RDF_MetaClass: The instances of the classes rdfs:Class and
rdf:Property are special since they represent classes respectively properties.
This is also true for instances of subclasses of rdfs:Class and rdf:Property.
We therefore introduced RDF_MetaClass as a sub class of RDF_Class to represent
the classes rdfs:Class, rdf:Property and their subclasses. These meta classes
will be used for calculating in the statistic module and for visualization.
Note: Also this class does not directly belong to the object model itself. It
will only be used after creating and validating the object model.
Within the boxes of
the classes in figure 1 you also see the predefined RDF/S properties
corresponding to their rdfs:domain definition. When assigning such a property
VRP will cast the object to the corresponding rdfs:range class of the property,
e.g., the value for rdf:type will be entered into the object model as a
RDF_Class. The casting itself here is a problem, since we normally need to cast
from the super class to its subclass, e.g., from the class Resource to the
class RDF_Class. This down casting is not supported by Java. We therefore need
to generate a new element of the corresponding class and shift the information
we have so fare to it. By generating a new object we would loose the already
made links, e.g., in the property link_list. The link_list therefore do
not contain the links of the Java objects. In the old version of VRP we
therefore used the URIs as a unique reference within the object model and used
a hash map having the URIs as the key value to point to the corresponding Java
object. In cases of needed down casting we just replaced the Java object in
this hash map structure.
With the new version
2.5 of VRP we restructured this way referencing to the Java object. The URIs
normally containing 20 or more characters. Saving each reference inside the
object model using the URI is very storage consuming and comparing them reduces
the performance. We therefore added a second hash map that maps the URIs to a
unique integer. Inside the object model now these integers are used to refer to
the corresponding Java object. Additional we introduced two phases. In the
first phase, the model generation, all triples are entered. After entering all triples to the
object model there is no more need for down casting any more. All the integers
used for referring to the Java objects can be replaced by the Java object links
themselves. We call this second phase link resolving. In figure 2 you
can see an example for the to phases. Note: In some cases we already know
during the model generation that there will be no further down casting, e.g.,
for the predefined property rdf:type, we know the object must of type
rdfs:Class. Since RDF_Class is a leaf in our object model, there is no further
down casting possible. We therefore already use the Java object link instead of
the integer. This is also true for literals as shown in figure 2.
Figure 2. The two phases of the VRP Model.
With this new
structure we where able to reduce the needed space. Using a 5.8 MB RDF/XML file
running VRP 2.5 we measured about 20% less memory usage than before. Since
during the object model creation there are lots of key comparisons needed is
also speed up the system. With the same 5.8 MB file we needed about 50% less
time for the model generation, compared to the old version of VRP. This speed
up not only effects the model generation itself. All following modules using
the model will profit from this performance improvement.
In this subsection we
will present the statistics module are added in the new version of VRP (v2.5)
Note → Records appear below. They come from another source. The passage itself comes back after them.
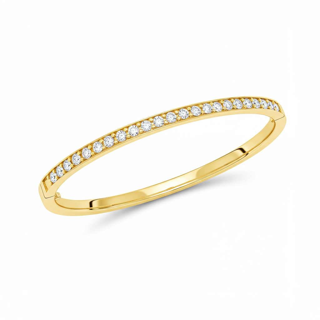 A perfect keepsake for the newest member of the family, this baby gold bracelet embodies purity and timeless elegance. Crafted in radiant 18KT yellow gold, the slender design is safe and comfortable for delicate skin. It features a subtle line of brilliant-cut VVS diamonds, adding a touch of sparkle to celebrate a special milestone. This heirloom-quality piece serves as a beautiful symbol of love and protection.
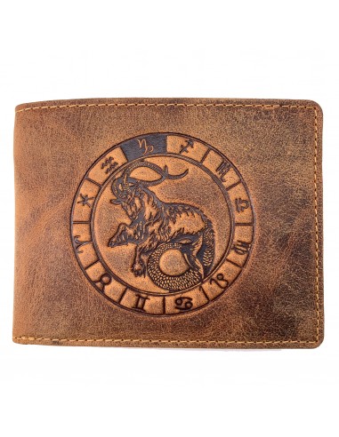 Kombibörse aus fettgegerbtem Rindsleder in rustikaler Optik mit einem Prägedruck des Sternzeichen.
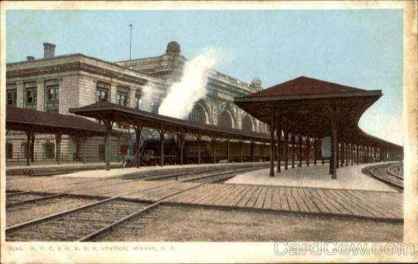 Front: 8510. N. Y. C. & H. R. R. R. STATION, ALBANY, N. Y. COPYRIGHT, 1904, BY DETROIT PHOTOGRAPHIC CO., Back: AND CANADA, FOREIGN, Two CENTS. THIS SIDE FOR THE ADDRESS

for RDF/S Schemas. These statistics are calculated for each of the class and the property
hierarchy. The property hierarchy
contains all the properties defined by a user in a RDF/S schema. For the class
hierarchy, we consider three disjoint hierarchies, i.e, the schema class
hierarchy which contains the classes whose members are data resources, the metaclass
hierarchy containing the classes that are subclasses of the rdfs:Class
(thus their members are classes) and the metaproperty hierarchy which
contains the classes that are subclasses of the rdf:Property (thus their
members are properties). The different hierarchies are stored in elements of
the class RDF_DAG as described in the previous section.
The additional
statistics include:
·
Average and Maximum number of direct
supernodes/ancestors that a node either in a class or property hierarchy has. Note that this
statistics is based on only the (super/sub)nodes that are directly accessed
from a node through the subclassOf/subPropertyOf hierarchy. For example the
node G has 3 direct ancestors (see figure 1). In
order to compute the average, we add the direct ancestors of each hierarchy
node and we divide the total with the number of hierarchy nodes.
·
Distinct[1]
Recursive Ancestors/Descendants distribution both for class and property
hierarchies. We calculate the distinct number of recursive ancestors/descendants of
the hierarchy nodes, i.e., the number of the nodes found above/below this node
in the hierarchy. Afterwards, we
compute the distribution i.e., we count how many nodes (classes or properties)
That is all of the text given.